After this opening salvo, Judge Southin went on to argue that the detrimental effects upon freedom of expression of laws prohibiting child pornography "substantially outweigh the salutary effects". How did she reach this conclusion? She appealed to her own conscience to render her decision: "Social scientists and psychiatrists ... are not men from Mars observing the world and recording what they see from a vantage point of pure detachment", Judge Southin mused. "Nor, for that matter, are judges. To a greater or lesser degree, we all view the world encumbered by our own education, values and experiences."
Insofar as this is so, it is an argument for judicial restraint. Because judges are neither elected nor accountable, they are not supposed to legislate. Their task is to determine whether the law has been broken or, where the law itself is at issue, whether it is inconsistent with established precedent, with the intentions of the legislature and, in recent years, with the Charter of Rights and Freedoms. No doubt Judge Southin has many fascinating opinions, but in a democracy we are not supposed to be governed by the brilliant dinner-party insights of people who once went to law school.
Not that the judge's opinions qualify as exactly glittering -- as Warren Kinsella establishes conclusively on the opposite page. Her reflections on the advantages of child pornography as a career for Brazilian street children are simply the recycled banalities of '60s sexual liberation expressed in plodding legalese. Parliament was not impressed by such sophistries. There is no good reason in law or moral argument why its judgment should be set aside to accommodate the tired paradoxes of a provincial lawyer.
For the small minority of lawyers and law school academics who support the court's majority decision, the Charter sets defendant John Robin Sharpe's constitutional right to enjoy child pornography above the commonsense desire of Parliament and the voters to save children from being sexually exploited.

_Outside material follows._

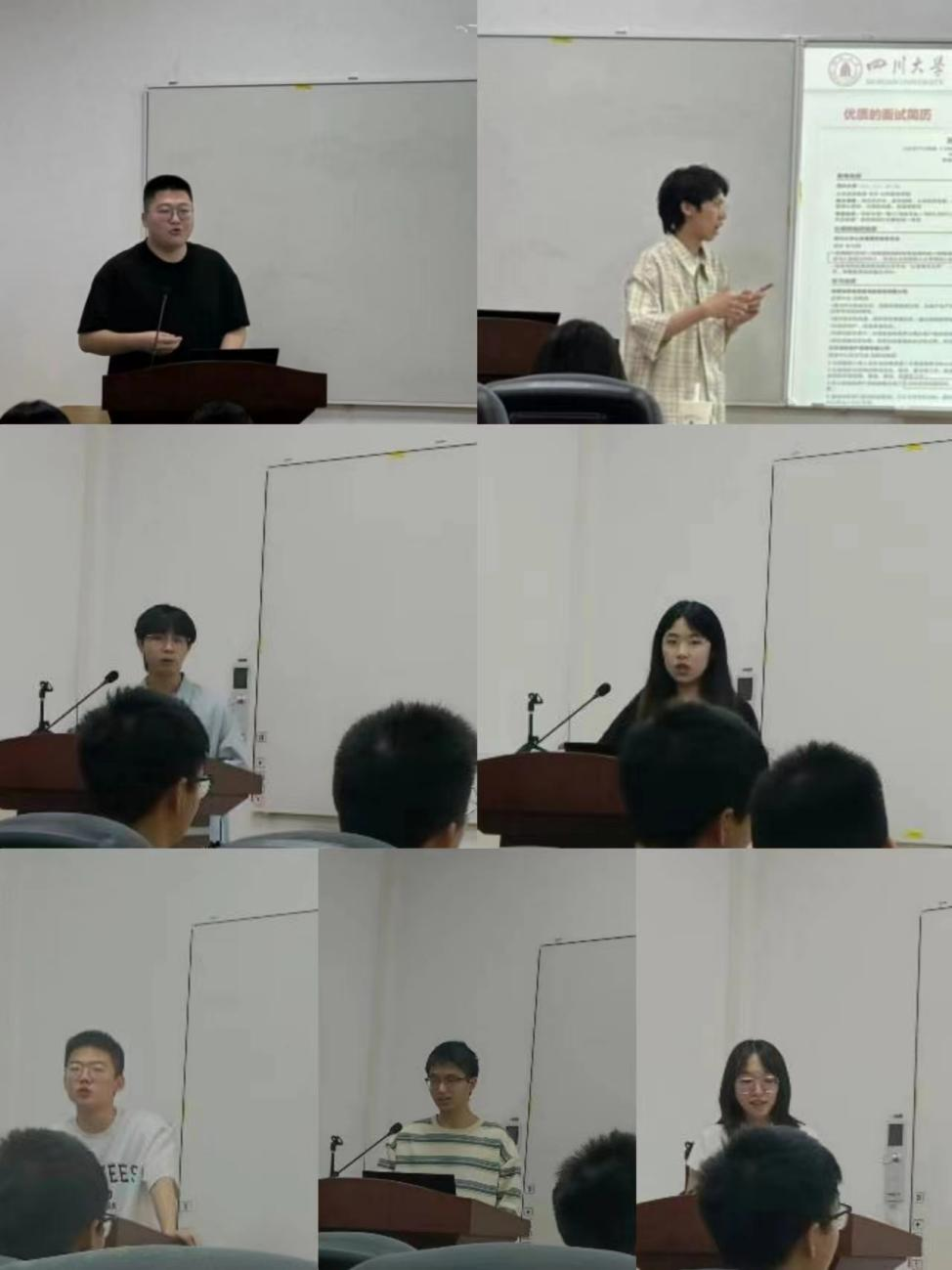 分享环节中,大四与研一的员工代表分别就考研、就业、保研、考公、留学五个方面分享了相关经验,向2021级同学提出了宝贵的建议。

But the Charter cannot save the court from its fecklessness here. When a law apparently violates a Charter right, such as freedom of expression, the "reasonableness" of that violation must be evaluated through the constitutional lens of "proportionality" (i.e. whether the harm caused by the violation is so serious as to outweigh the gains promised by the legislation.)
But what are the "salutary" effects of making child pornography legally available? The only one ever offered is that a free speech defence of it guarantees that political speech and serious works of imaginative literature will be similarly protected in law. That is the slippery slope argument at its slipperiest. It is absurd to argue that we will not be able to read Karl Marx, Plato, Mein Kampf, the Federalist papers, D.H. Lawrence, and Henry Miller unless Mr. Sharpe is able to read Flogging, Fun and Fortitude -- A Collection of Kiddiekink Classics.
But its "detrimental" effects, though they cannot be weighed with clinical precision, are nonetheless serious and well-established. Decades of research have shown child pornography makes the sexualization of children seem normal; creates a market that draws some, generally disturbed, children into it and gives criminals a financial incentive to coerce others to take part; encourages paedophiles (some of whom may try to resist temptation) to venture deeper into their vices; and, worst of all, incites them to abuse children.
Are these detrimental effects invariable and precisely calculable? No -- they are common and generally observed. Today, however, the so-called "precautionary principle" of scientific research is invoked (often without proper justification) to justify government regulation of bogus public health scares such as genetically modified foods. But child pornography is surely a case in which we should act upon it to defend the safety, liberty, and innocence of our children.
The Honourable Chief Justice Allan McEachern, the lone dissenter and voice of reason on the court, recognized as much. He stated as follows:
"Considering the importance of the objectives of the legislation, I am not prepared to second-guess Parliament on either the scope of the definition it chose ... or on the prohibition of simple possession."
Exactly right. If we cannot trust our MP to make a moral judgment on whether to criminalize the possession of child pornography, on what can we reasonably trust him to judge? And if the opinions of unelected judges are to prevail over Parliament's whenever they can ferret out some constitutional principle in the Charter as a vehicle for their own social prejudices, what is left of parliamentary democracy?
For this reason, Parliament should do what it should have done nearly six months ago: namely, invoke the notwithstanding clause (Section 33) of the Charter to overrule the imperialism of the bench and re-assert the will of the people. The clause -- part of the Constitution, we must point out to lawyers -- was placed there for just such an eventuality. We should not have to risk yet another failure in judgment at the Supreme Court of Canada.
And the failure of the government to act shows very clearly where its priorities are. Ministers would prefer to expose Canada to another year of legalized child pornography rather than clip, however lightly, the wings of the courts on which they rely to carry through those parts of the Liberal agenda the voters oppose.